▸ **WHAT YOU WILL DO**
Write out the data exactly as given, dropping every picture.

▸ **EXERCISE MATERIAL**
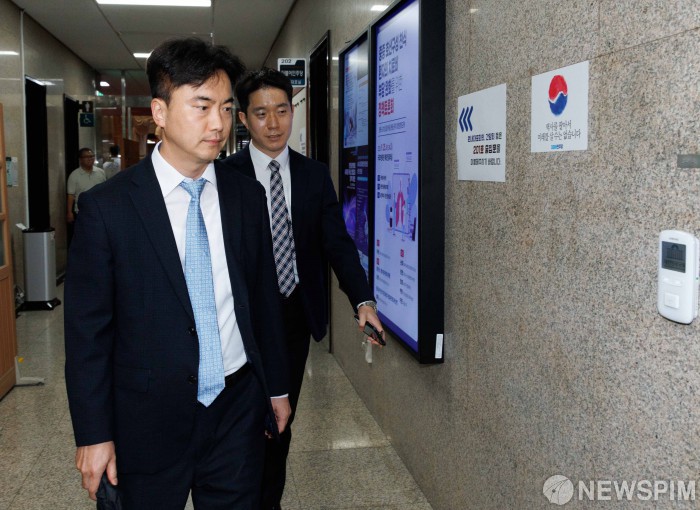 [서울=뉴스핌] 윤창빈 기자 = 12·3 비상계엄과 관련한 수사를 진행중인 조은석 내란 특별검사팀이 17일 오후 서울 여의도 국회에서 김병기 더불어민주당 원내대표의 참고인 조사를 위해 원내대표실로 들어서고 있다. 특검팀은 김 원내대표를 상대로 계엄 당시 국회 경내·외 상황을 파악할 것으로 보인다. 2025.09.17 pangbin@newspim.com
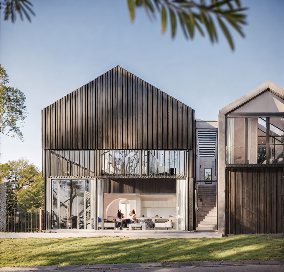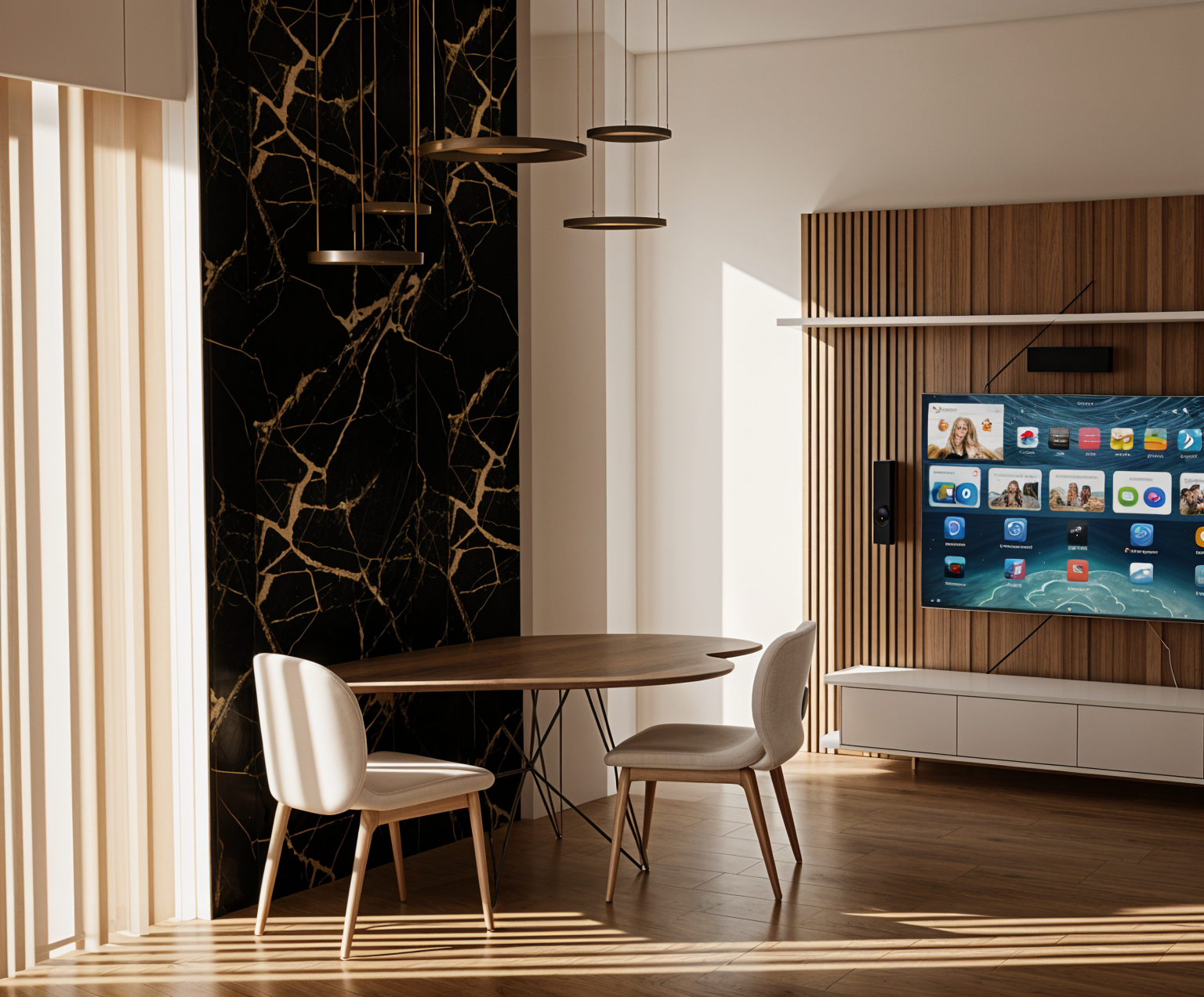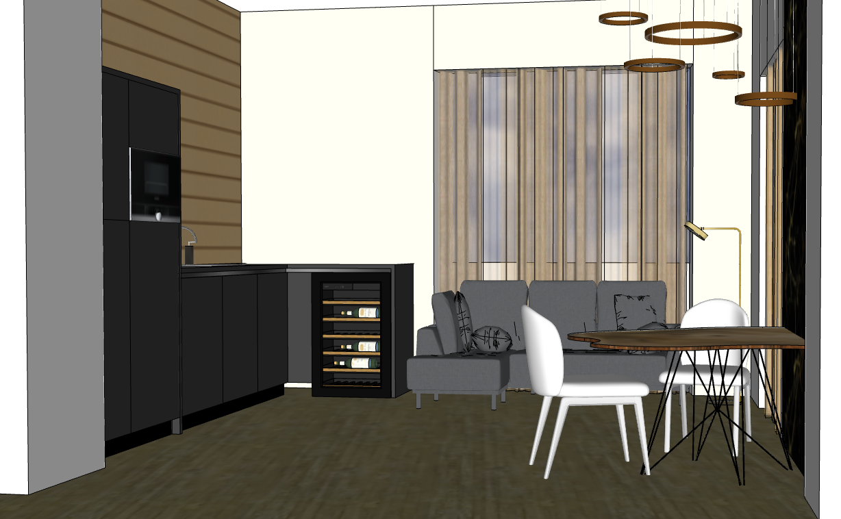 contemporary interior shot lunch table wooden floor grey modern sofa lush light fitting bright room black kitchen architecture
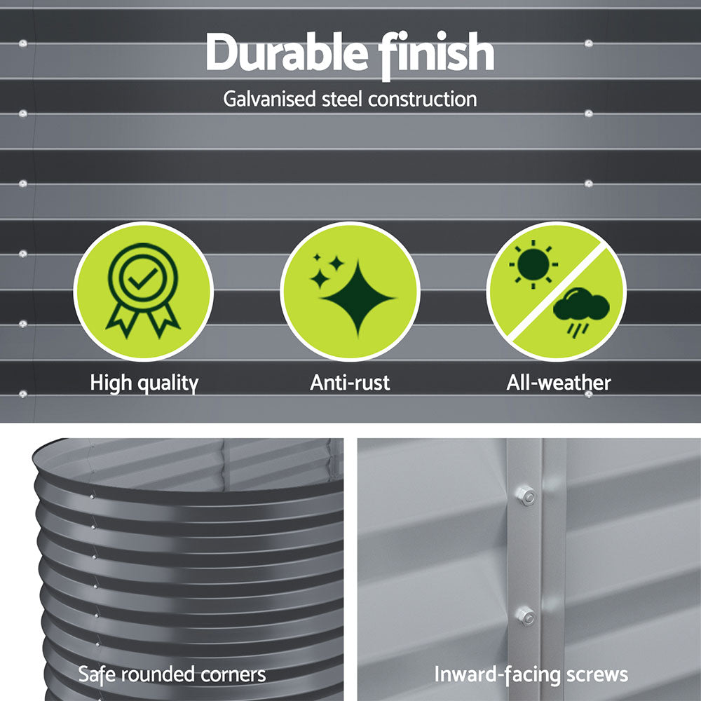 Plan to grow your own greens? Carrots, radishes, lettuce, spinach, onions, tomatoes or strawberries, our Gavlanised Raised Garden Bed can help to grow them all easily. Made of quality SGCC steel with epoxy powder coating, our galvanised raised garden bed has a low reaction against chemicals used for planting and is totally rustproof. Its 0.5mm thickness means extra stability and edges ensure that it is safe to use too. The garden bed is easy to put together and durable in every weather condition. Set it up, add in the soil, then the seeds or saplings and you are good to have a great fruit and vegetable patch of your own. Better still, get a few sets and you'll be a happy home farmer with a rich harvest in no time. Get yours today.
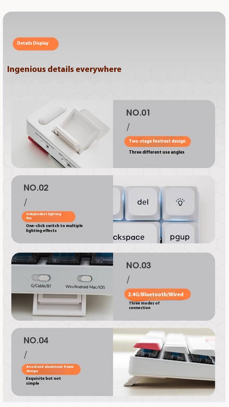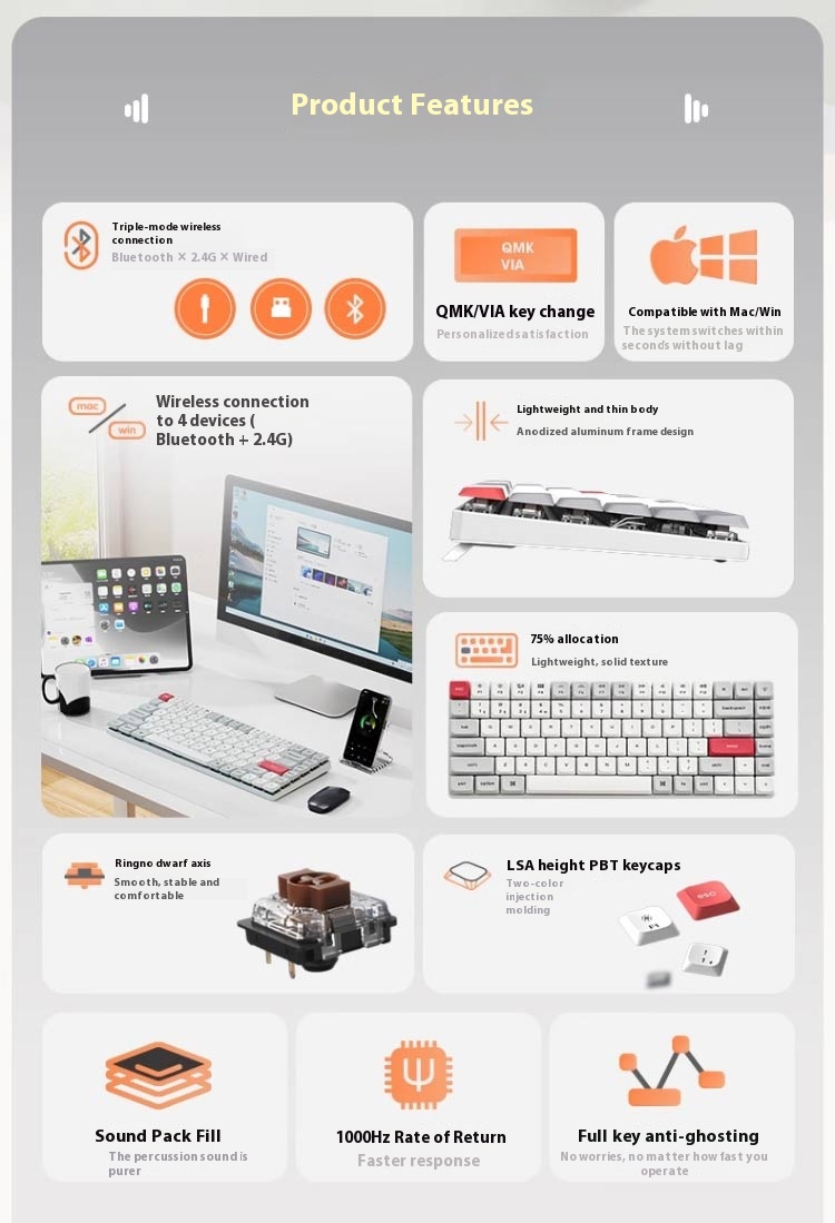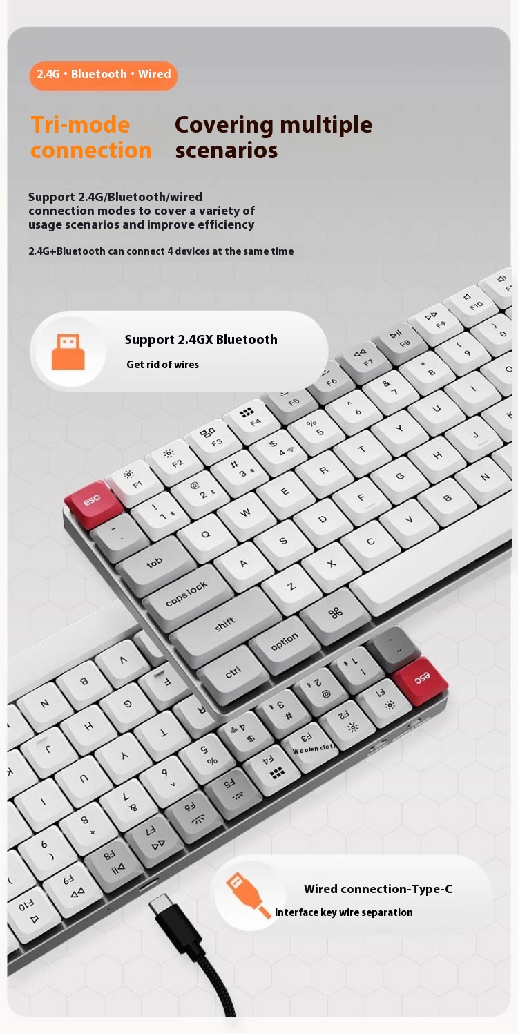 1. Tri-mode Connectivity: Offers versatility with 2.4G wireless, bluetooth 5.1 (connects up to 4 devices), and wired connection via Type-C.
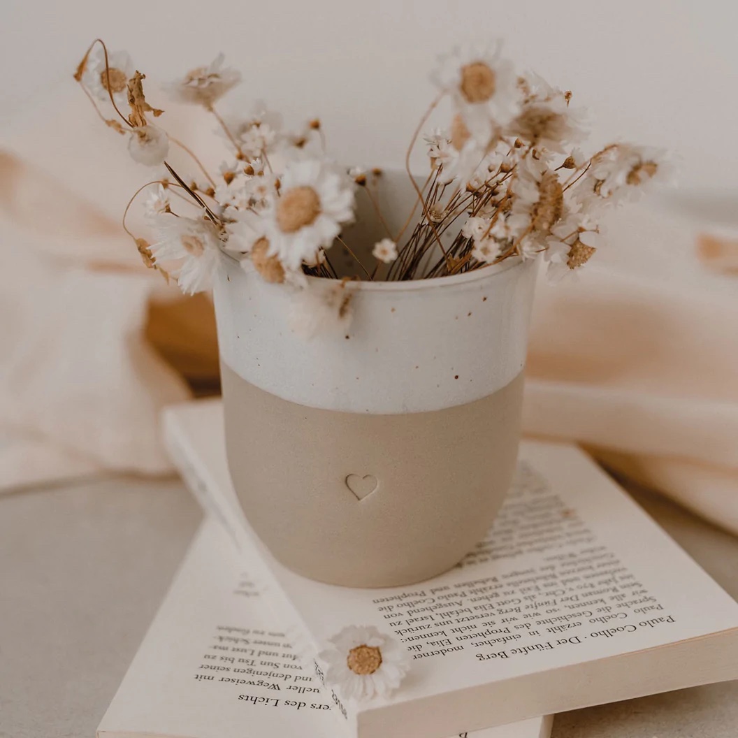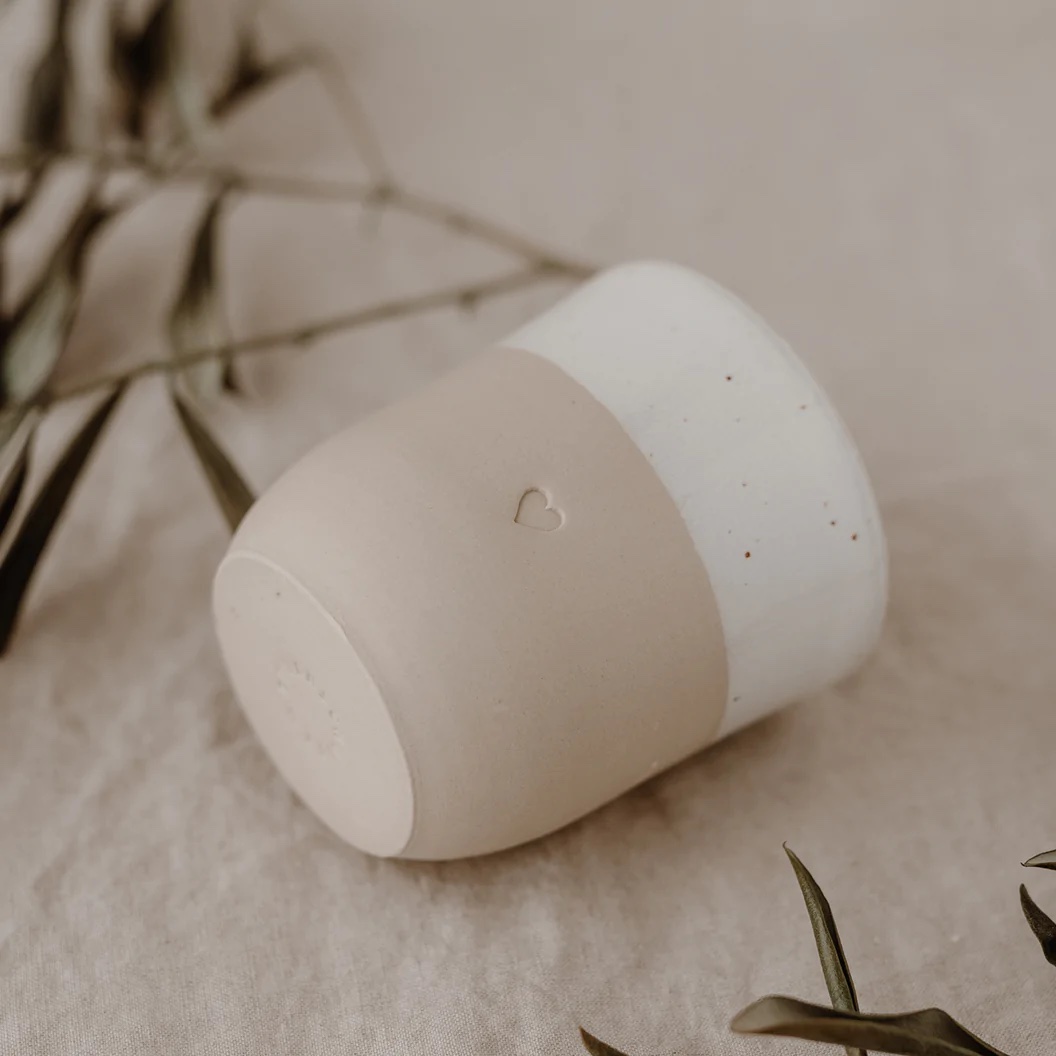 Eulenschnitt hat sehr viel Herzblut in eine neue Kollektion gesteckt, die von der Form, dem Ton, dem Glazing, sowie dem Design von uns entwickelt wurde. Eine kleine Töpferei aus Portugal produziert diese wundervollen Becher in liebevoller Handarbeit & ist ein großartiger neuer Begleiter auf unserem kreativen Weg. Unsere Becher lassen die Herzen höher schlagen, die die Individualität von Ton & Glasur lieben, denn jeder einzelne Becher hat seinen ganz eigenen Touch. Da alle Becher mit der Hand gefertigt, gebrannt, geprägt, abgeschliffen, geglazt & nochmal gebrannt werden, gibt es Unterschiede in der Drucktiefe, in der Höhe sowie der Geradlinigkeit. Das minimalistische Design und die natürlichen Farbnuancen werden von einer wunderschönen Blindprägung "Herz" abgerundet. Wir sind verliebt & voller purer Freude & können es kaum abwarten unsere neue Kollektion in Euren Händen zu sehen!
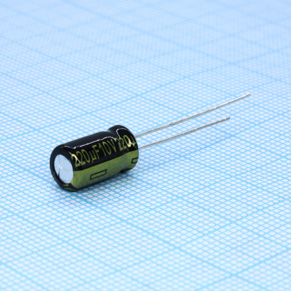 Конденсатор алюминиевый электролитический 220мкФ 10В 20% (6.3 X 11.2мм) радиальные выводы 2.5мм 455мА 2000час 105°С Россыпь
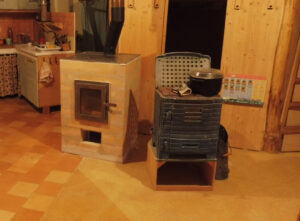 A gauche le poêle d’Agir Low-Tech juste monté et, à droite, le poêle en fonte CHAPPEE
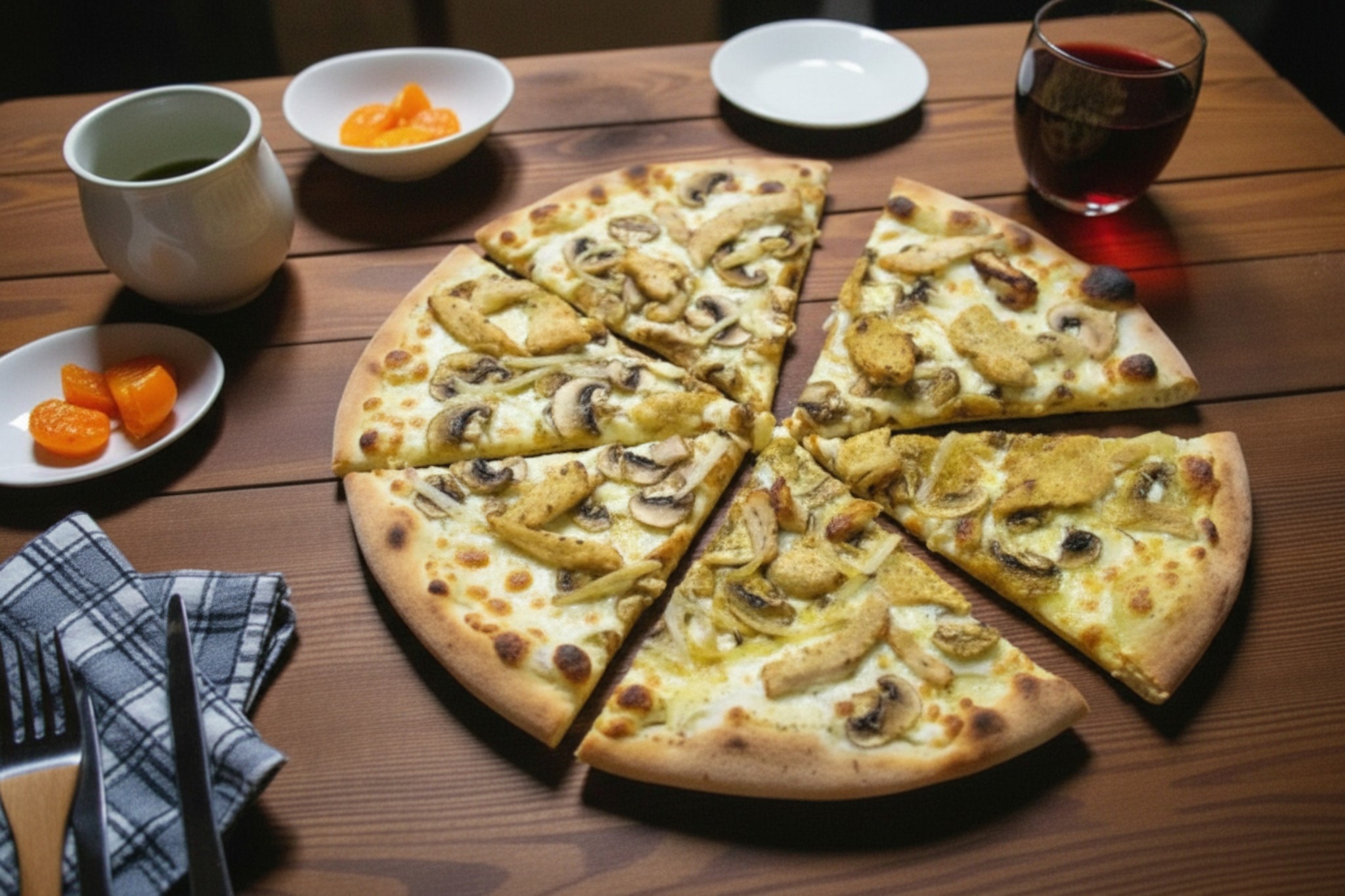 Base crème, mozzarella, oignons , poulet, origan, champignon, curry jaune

▸ **RESPONSE**
 [서울=뉴스핌] 윤창빈 기자 = 12·3 비상계엄과 관련한 수사를 진행중인 조은석 내란 특별검사팀이 17일 오후 서울 여의도 국회에서 김병기 더불어민주당 원내대표의 참고인 조사를 위해 원내대표실로 들어서고 있다. 특검팀은 김 원내대표를 상대로 계엄 당시 국회 경내·외 상황을 파악할 것으로 보인다. 2025.09.17 pangbin@newspim.com
 contemporary interior shot lunch table wooden floor grey modern sofa lush light fitting bright room black kitchen architecture
 Plan to grow your own greens? Carrots, radishes, lettuce, spinach, onions, tomatoes or strawberries, our Gavlanised Raised Garden Bed can help to grow them all easily. Made of quality SGCC steel with epoxy powder coating, our galvanised raised garden bed has a low reaction against chemicals used for planting and is totally rustproof. Its 0.5mm thickness means extra stability and edges ensure that it is safe to use too. The garden bed is easy to put together and durable in every weather condition. Set it up, add in the soil, then the seeds or saplings and you are good to have a great fruit and vegetable patch of your own. Better still, get a few sets and you'll be a happy home farmer with a rich harvest in no time. Get yours today.
 1. Tri-mode Connectivity: Offers versatility with 2.4G wireless, bluetooth 5.1 (connects up to 4 devices), and wired connection via Type-C.
 Eulenschnitt hat sehr viel Herzblut in eine neue Kollektion gesteckt, die von der Form, dem Ton, dem Glazing, sowie dem Design von uns entwickelt wurde. Eine kleine Töpferei aus Portugal produziert diese wundervollen Becher in liebevoller Handarbeit & ist ein großartiger neuer Begleiter auf unserem kreativen Weg. Unsere Becher lassen die Herzen höher schlagen, die die Individualität von Ton & Glasur lieben, denn jeder einzelne Becher hat seinen ganz eigenen Touch. Da alle Becher mit der Hand gefertigt, gebrannt, geprägt, abgeschliffen, geglazt & nochmal gebrannt werden, gibt es Unterschiede in der Drucktiefe, in der Höhe sowie der Geradlinigkeit. Das minimalistische Design und die natürlichen Farbnuancen werden von einer wunderschönen Blindprägung "Herz" abgerundet. Wir sind verliebt & voller purer Freude & können es kaum abwarten unsere neue Kollektion in Euren Händen zu sehen!
 Конденсатор алюминиевый электролитический 220мкФ 10В 20% (6.3 X 11.2мм) радиальные выводы 2.5мм 455мА 2000час 105°С Россыпь
 A gauche le poêle d’Agir Low-Tech juste monté et, à droite, le poêle en fonte CHAPPEE
 Base crème, mozzarella, oignons , poulet, origan, champignon, curry jaune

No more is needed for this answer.